ASSIGNMENT:
Restate word for word the lines below, from the one containing "資格認定試験、基礎講座講習会、資格更新、資格更新研修会等のスケジュール" through the final line, with no pictures included.

THE INPUT:

───

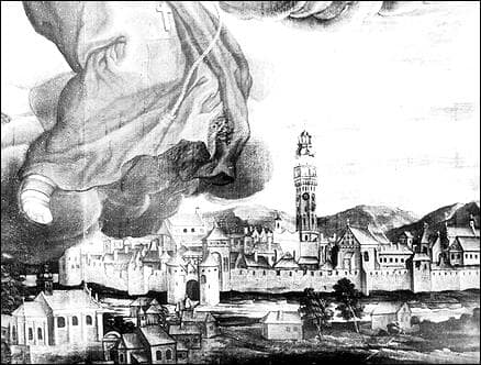 Panorama miasta od południa ze św. Paschalisem, fragment obrazu Bonifacego Jatkowskiego z 1715 roku.
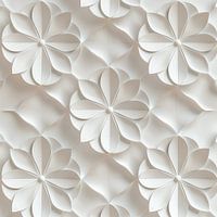 Afbeelding in 3d met diepte en schaduw van witte bloemen op een witte achtergrond. De suggestie wordt gewerkt dat de bloemen los van de achtergrond liggen. Mooi wit kleurgebruik in diverse nuances. Subtiel. Passend bij diverse stijlen en trends, waaronder modern abstract, wit, natuurlijk, graphics. Artist: Bianca ter Riet
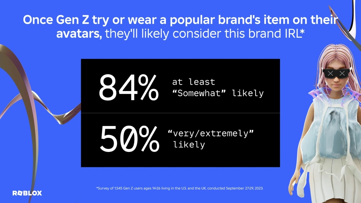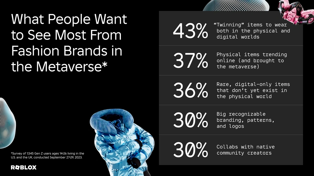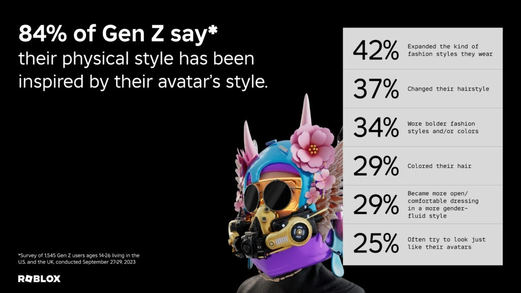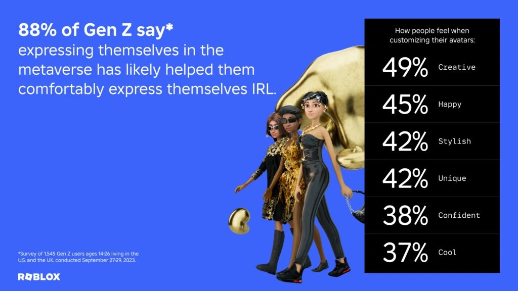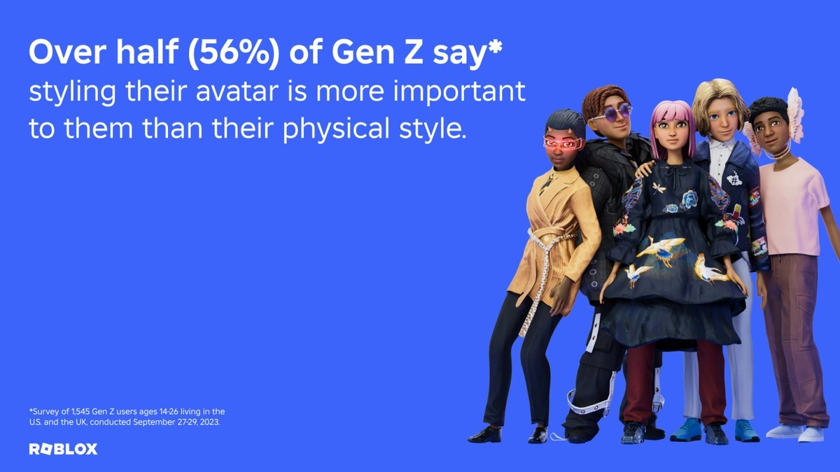 These findings echo what we see on our platform: self-expression through digital identity and fashion is an essential part of people’s experience. For example, during the first three quarters of 2023 on Roblox, there were a total of 165 billion avatar updates, up 38% year over year, and people bought nearly 1.6 billion digital fashion items and accessories, up 15% year over year. Plus, millions of Roblox users continue to update their avatars every day.
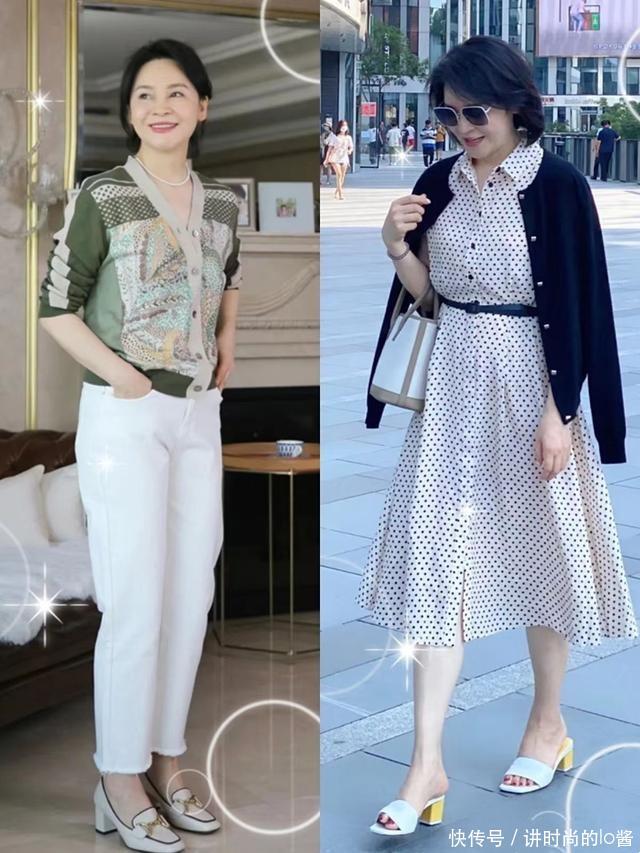 当然,并非每个场合都只需细高跟,生活中更多的是休闲时刻。“上海阿姨”会选择舒适稳固的粗跟鞋来进行搭配,如乐福鞋或奶奶鞋等。这类鞋款舒适又不失气质,满足日常穿搭之余,还展现出别样的优雅。
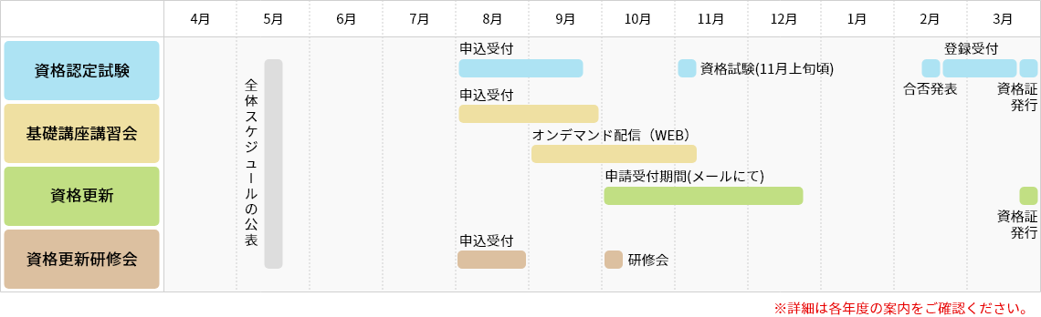 資格認定試験、基礎講座講習会、資格更新、資格更新研修会等のスケジュール
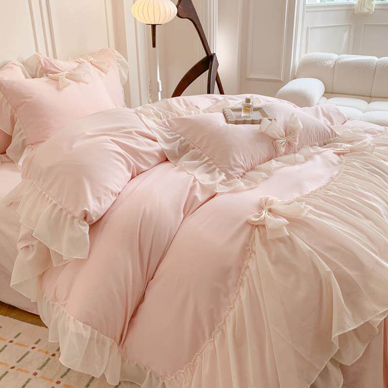 裸睡100604全棉公风水洗床上四件套棉韩式柔纯棉花边被软套主床单
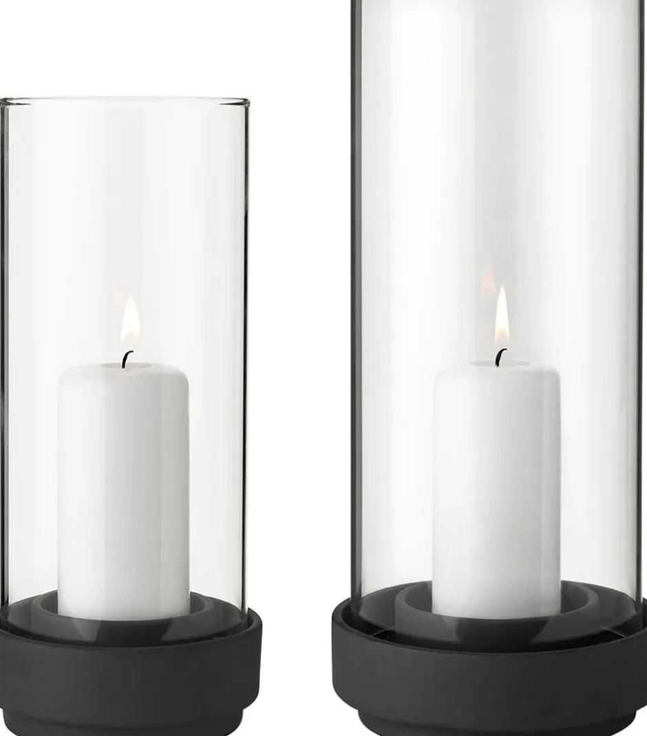 Med sin velkendte sans for enkelhed har Maria Berntsen designet disse stilrene hurricanes, der kan bruges året rundt som lyskilde i hjemmet, både udendørs og indendørs. Skulle hurricanen blive efterladt udendørs i regnvejr, sørger det smarte design for, at regnvandet løber ud af sig selv. Det sorte stentøj er vejrbestandigt og kan tåle at blive efterladt udendørs, også i frostvejr. Brug LED-lys, stearinlys eller paraffinlys som fyrfadslys eller bloklys. Lyset kan være diameter maks. Ø: 7 cm til den store Hurricane og maks. Ø: 6 cm til den lille.

───

OUTPUT BELOW:
 資格認定試験、基礎講座講習会、資格更新、資格更新研修会等のスケジュール
 裸睡100604全棉公风水洗床上四件套棉韩式柔纯棉花边被软套主床单
 Med sin velkendte sans for enkelhed har Maria Berntsen designet disse stilrene hurricanes, der kan bruges året rundt som lyskilde i hjemmet, både udendørs og indendørs. Skulle hurricanen blive efterladt udendørs i regnvejr, sørger det smarte design for, at regnvandet løber ud af sig selv. Det sorte stentøj er vejrbestandigt og kan tåle at blive efterladt udendørs, også i frostvejr. Brug LED-lys, stearinlys eller paraffinlys som fyrfadslys eller bloklys. Lyset kan være diameter maks. Ø: 7 cm til den store Hurricane og maks. Ø: 6 cm til den lille.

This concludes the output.